[Given data — start]

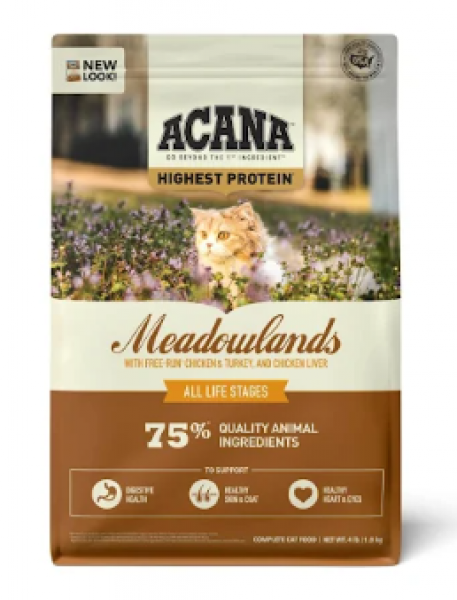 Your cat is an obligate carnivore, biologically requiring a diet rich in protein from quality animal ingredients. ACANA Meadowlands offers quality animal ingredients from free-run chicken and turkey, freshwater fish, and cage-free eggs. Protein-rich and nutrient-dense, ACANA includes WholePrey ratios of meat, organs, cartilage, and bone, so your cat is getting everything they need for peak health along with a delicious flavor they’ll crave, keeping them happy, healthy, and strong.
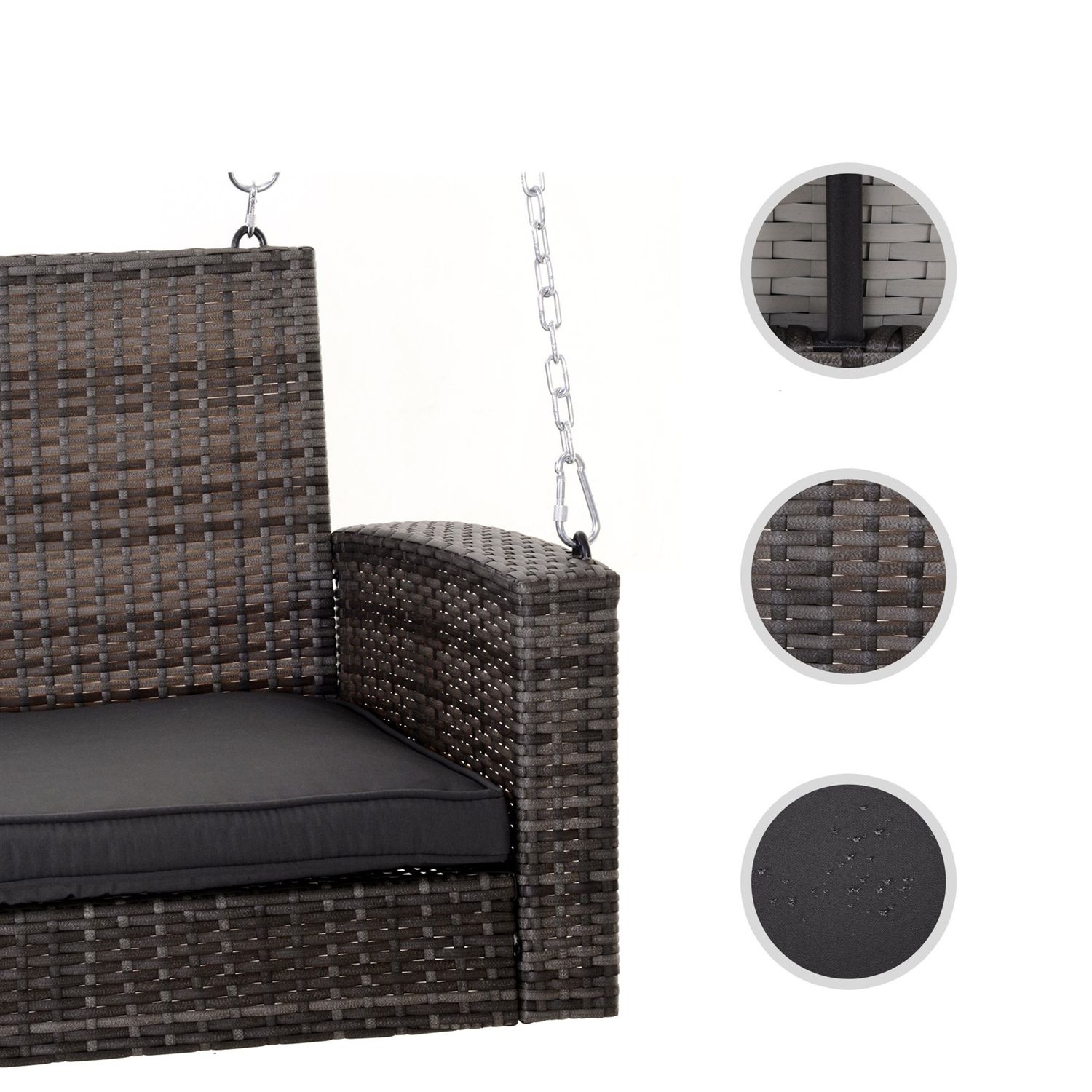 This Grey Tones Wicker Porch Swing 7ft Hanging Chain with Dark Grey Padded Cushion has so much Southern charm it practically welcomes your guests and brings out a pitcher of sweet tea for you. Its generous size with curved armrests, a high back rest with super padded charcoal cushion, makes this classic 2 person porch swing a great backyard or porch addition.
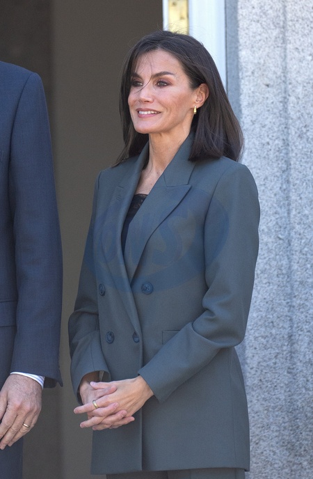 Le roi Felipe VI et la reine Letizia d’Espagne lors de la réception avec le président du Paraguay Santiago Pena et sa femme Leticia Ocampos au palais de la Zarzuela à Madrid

[Given data — finish]

● **Problem requirements**
Would you restate the listing word for word and leave every picture out?

● **Result of the task**
 Your cat is an obligate carnivore, biologically requiring a diet rich in protein from quality animal ingredients. ACANA Meadowlands offers quality animal ingredients from free-run chicken and turkey, freshwater fish, and cage-free eggs. Protein-rich and nutrient-dense, ACANA includes WholePrey ratios of meat, organs, cartilage, and bone, so your cat is getting everything they need for peak health along with a delicious flavor they’ll crave, keeping them happy, healthy, and strong.
 This Grey Tones Wicker Porch Swing 7ft Hanging Chain with Dark Grey Padded Cushion has so much Southern charm it practically welcomes your guests and brings out a pitcher of sweet tea for you. Its generous size with curved armrests, a high back rest with super padded charcoal cushion, makes this classic 2 person porch swing a great backyard or porch addition.
 Le roi Felipe VI et la reine Letizia d’Espagne lors de la réception avec le président du Paraguay Santiago Pena et sa femme Leticia Ocampos au palais de la Zarzuela à Madrid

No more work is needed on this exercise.